文趣网 > 都市小说 > [综英美]AAA伯劳师傅烤串中 > 18.疯帽匠,颜色,事件
    两个迪克被拉尼乌斯的暴言震的不知道该说什么才好。

    拉尼乌斯显然还是想继续问一点不合时宜的古怪问题。

    但是桌子上所有的茶杯突然从歪七扭八的横尸遍野状态,变成了整整齐齐的的样子。

    像被一根看不见的线猛地拽起,每隔一段距离一个。

    它们不再唱歌了。

    取而代之的是此起彼伏的叫嚷:

    “茶会快开始了!茶会快开始了!”

    有一只茶杯甚至跳上了茶壶的头顶,用杯底跺着壶盖。

    “哦,杯子。你没有准备好杯子,但是幸好我有!”大伯劳笑眯眯的说。

    拉尼乌斯只是眨了眨眼,就发现大伯劳不知道从哪里拿出来了两个杯子,其中一个给了自己。

    她下意识地接过,发现上面画了一只滑稽的鸟。

    拉尼乌斯只是略微思考一下,就回忆起这是那本教材上的图案。

    好吧,拉尼乌斯不是很喜欢这只傻鸟,但她还是很感谢大伯劳。

    她这时候才突然想起来了什么似的,看向了罗宾,夜翼也给了他一个杯子。

    小鸟松了一口气。

    “这是我从河里捞的。你走的太快啦,应该捞几个杯子再走的!”大伯劳好心提醒着拉尼乌斯。

    拉尼乌斯在内心暗暗记住了,确实之前自己走的太急了,不过这也不是她的错!

    要消失的感觉实在是太可怕了!

    哒哒哒!

    一阵欢快的脚步声响了起来,拉尼乌斯四处张望着。

    一个空杯子里突然冒出来了一只睡鼠:“什么什么,到时间了吗!”

    它咕噜咕噜地说着含糊不清地话,像是没有睡醒:“哦,你来了,疯帽匠!”

    拉尼乌斯顺着睡鼠,看到了疯帽匠。

    疯帽匠,哦,并非是现实里的那个,他不知道鼓起掌来。

    “噢!噢!看看这是谁!”他的声音又尖又细,“新的客人们,特别是这位小爱丽丝。”
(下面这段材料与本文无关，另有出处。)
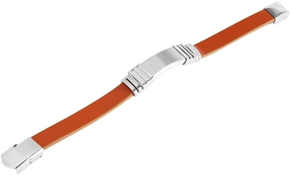 De bruine echt lederen band van het merk Akzent bestaat uit een 10 mm brede, gladde lederen band met een dikte van 3 mm. In het midden is een zilverkleurig roestvrijstalen element verwerkt, dat ideaal is om te graveren. Dit heeft een glanzend uiterlijk, een lengte van 41 mm, een breedte van 14 mm en een materiaaldikte van 4,5 mm. Verdere stalen elementen zijn bevestigd aan de uiteinden en elk is omrand met twee roestvrijstalen oogjes. De moderne armband kan worden geopend en gesloten met een zilverkleurige haaksluiting, die ook van roestvrij staal is gemaakt. De totale lengte van de armband is 21,5 cm. Een gepersonaliseerd sieraad is een uitstekend cadeau.

    拉尼乌斯歪了歪头,打量着这个疯帽匠,他比之前在巷子里遇到的那个,更加的,怎么说呢?干净!

    就是有一气泡一样咕嘟咕嘟往外冒。

    拉尼乌斯想那大概是快乐吧!

    “我不是爱丽丝,”拉尼乌斯认真地纠正疯帽匠,“我是拉尼乌斯。”

    “拉尼乌斯。”疯帽匠重复了一遍她的名字,“多么可爱的名字,像一把小小的剪刀,咔嚓咔嚓,把字母剪成碎片,然后拼成——拼成什么呢?”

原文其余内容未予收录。